The number of students owing over $50,000 tripled in the ten months between August 1998 and June 1999 while the number of students owing between $40,000 and $50,000 has more than doubled.

President of the Otago University Students' Association (OUSA), Steve Day, is outraged that the Government which has created this situation continues to hold onto power rather than giving someone else a chance to resolve the situation.

“Many of those students who now owe upwards of $50,000 are living here in Dunedin and once they leave Uni. they may not be able to get a mortgage, they may delay having a family or committing to marriage. They may leave the country, not because of high taxes but because high debt.” Said Steve Day.

“The interest on a loan of $50,000 is $70 per week. Quite a lot of money for someone with no income, full time study and no access to a living allowance equivalent to the dole.

Other facts to emerge from the government’s most recent financial report on Student loans include:

Total student debt is forecast to more then triple to $11,000,000,000 in the next fifteen years.

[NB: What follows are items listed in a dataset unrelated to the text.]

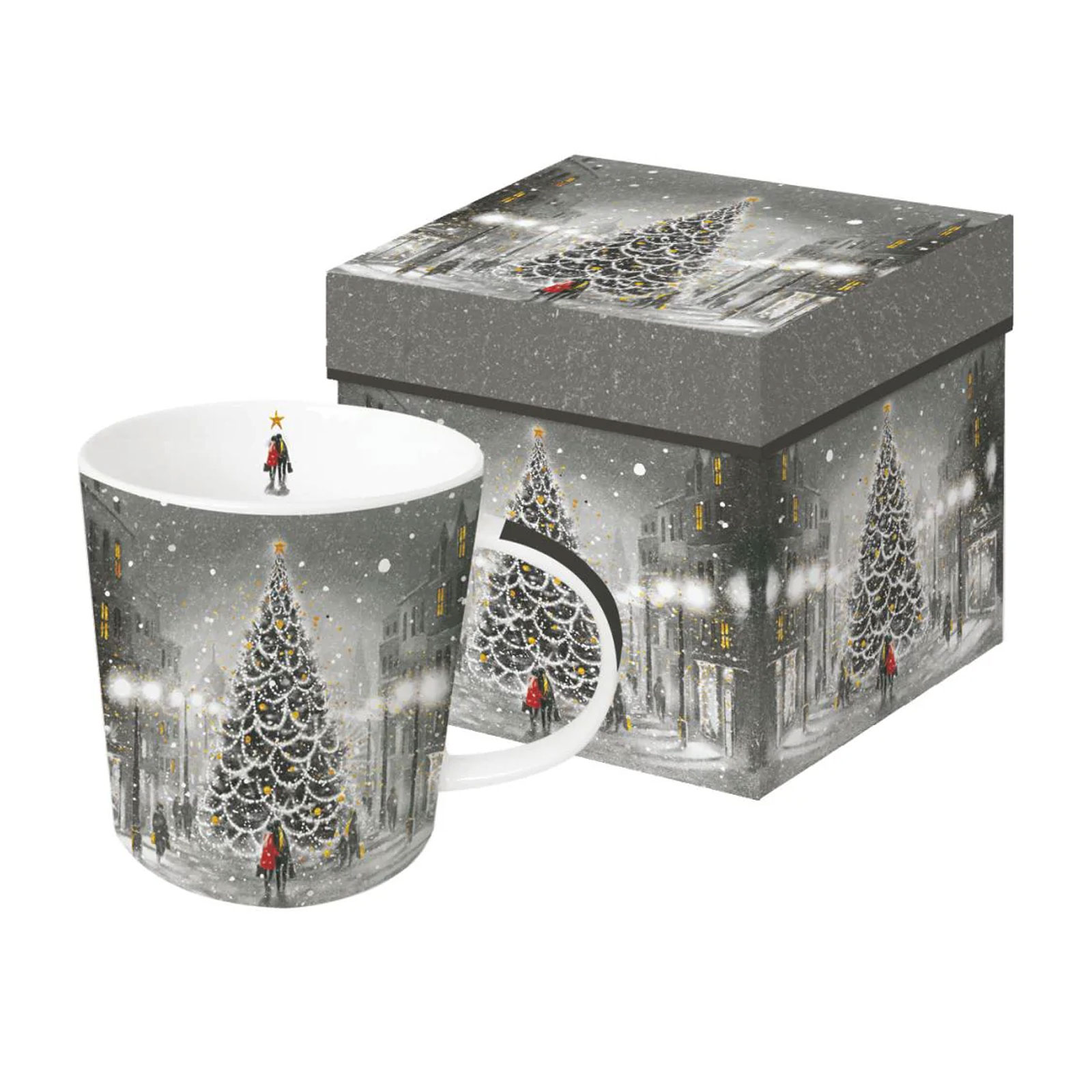 Tasse en porcelaine avec un village de Noël, vendue dans une boîte cadeau carrée assortie.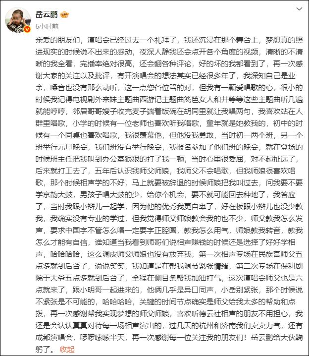 8月5日凌晨,相声演员岳云鹏发长文,回顾自己开演唱会经历。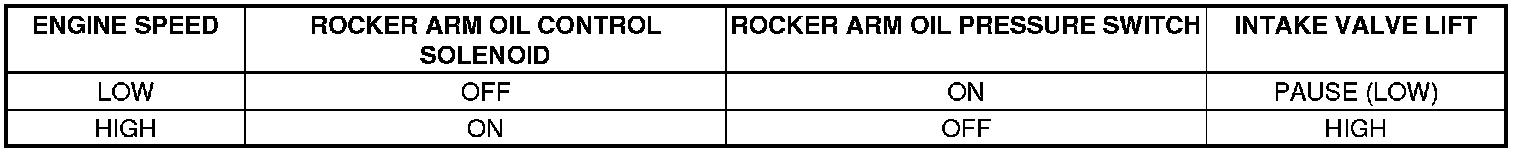 At low engine speed, the rocker arm oil control solenoid is turned off by the ECM/PCM. Oil pressure from the rocker arm oil control valve does not enter the intake rocker shaft. Each intake rocker arm is separated by a return spring and the intake secondary rocker arm is lifted by the low lift cam lobe.

Pacific Island students need to borrow more than $500 per year more than the average student.

Ethnicities other than pakeha are finding debt grows faster. While the amount per year borrowed by pakeha students grew between 1997 and 1998 by 3.2% the amount borrowed by students of other ethnicities increased anywhere between 4.1% and 9.2% depending the ethnicity to which they belonged.

“We need to independently review the loans scheme now and that analysis needs to include a gendered and multicultural analysis of how debt affects our citizens.” Said Steve Day. “We need a new approach to tertiary funding and policy.”